Boucherie végétarienne. Un paradoxe? Non, vous avez bien entendu. Dans ce commerce se mêlent joyeusement du bœuf, du poulet, des lardons… sans viande. Venant d’ouvrir tout récemment à Paris, cette boucherie surfe sur la vague des produits “simili-carnés” (substituts de viande), préparés la plupart du temps à base de soja ou de froment et censés séduire les végétariens mais également les “flexitariens”, ces personnes qui ne veulent pas arrêter de manger de viande mais qui souhaitent avoir une consommation plus raisonnable.

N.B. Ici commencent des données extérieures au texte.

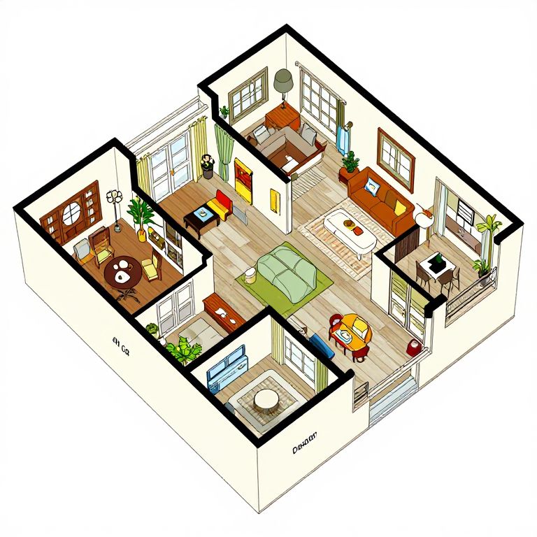 Floor layout template of a spacious family home, including multiple rooms with detailed furniture and decor, rendered in 3D isometric view, vibrant colors, clear labeled sections, emphasizing functional flow and accessibility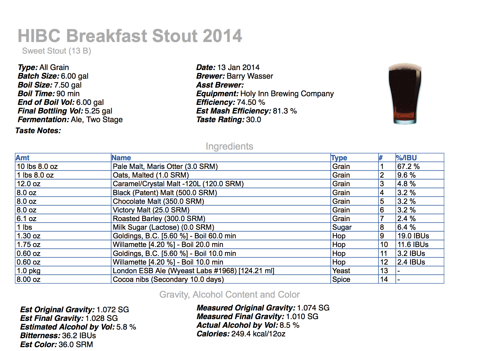 In October 2013 I brewed version 1 of this recipe as my first brew on my current equipment (10 gallon cooler mash tun and 10 gallon brew kettle) and enjoyed the finished product, but knew there was a fair amount of room for improvement. The first change that I knew I’d make when brewing it again was eliminating the cold pressed coffee. Doing so because after testing out a couple coffees with my final gravity sample of version 1 and choosing one that adding some great fruity notes to the beer I was bummed when none of those nuances were present after bottle conditioning. In place of the coffee I chose to cold steeping the darker malts (chocolate, black patent, and roasted barley) to prevent astringency and higher my chances of the beer having a coffee like aroma. Then I knew I’d be able to achieve a less estery aroma, by fermenting the beer in my fermentation fridge instead of using the “swamp cooler” method and choosing a yeast strain that only creates pronounced esters when fermenting over 70F (Wyeast 1968 London ESB instead of 1335 British Ale II). Lastly, I knew I wanted a creamier body and more chocolate flavor. So I chose to add lactose and buy an extra 4oz of cocoa nibs to accomplish those to things.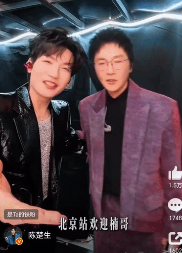 陈楚生北京演唱会嘉宾是孙楠,两个人在后台互夸,哈哈,夸的好! 预想到北京场会有嘉宾,没想到是孙楠,想想也对,葫芦兄弟里的大哥,对陈楚生呵护有加,两个有才华的歌者惺惺相惜,《无名的人》在北京演唱也是绝配! 两个人唱的都非常好,有幸能够相遇也是他们的缘分,音乐的传递,前行没有终点。 《荒芜之境》马上要结束了,北京场很顺利,新编的致敬迈克尔杰克逊版本的《晚礼服》彻底火了,看得出来陈楚生也很满意,最后一天结束后脸上都笑开了花,深圳见! 期待深圳收官也有惊喜吧!陈楚生 陈楚生综艺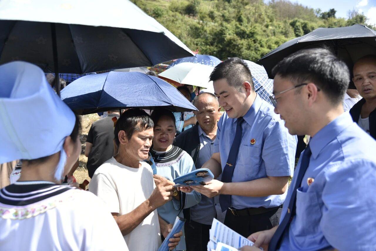 10月9日,正值水族傳統(tǒng)節(jié)日端節(jié)之際,貴州省黔南州三都縣周覃鎮(zhèn)的新各端坡上彩旗飄揚(yáng),身著水族服飾的群眾陸續(xù)聚集,準(zhǔn)備參加傳統(tǒng)的賽馬盛會。三都縣檢察院的“雙語普法小分隊”帶著法律手冊、宣傳折扇來到現(xiàn)場,為這場民俗盛宴增添了濃郁的法治氣息。

Philippe Conte et Isabelle Bensimon, les propriétaires du commerce, travaillaient auparavant dans la téléphonie mobile et se sont mis à la recherche d’un concept porteur. C’est en 2012 que tous les deux ont eu l’idée de se lancer dans les produits simili-carnés. “Isabelle est végétarienne, je mangeais de la viande tous les jours”, raconte Philippe Conte au HuffPost. “Nous étions chez un ami au Pays-Bas, qui nous a fait manger ce que nous croyions être de la viande (Isabelle n’avait pas refusé par politesse) mais qui était en fait des produits simili-carnés. Nous avons tous les deux adoré. Et nous nous sommes dit: ‘il faut absolument faire venir ce concept en France!'”
C’est ainsi que fin mai, la “Boucherie végétarienne” a établi ses quartiers à proximité du marché d’Aligre. Une position stratégique car selon Philippe Conte, “ceux qui viennent faire leur marché sont déjà dans une certaine démarche alimentaire”.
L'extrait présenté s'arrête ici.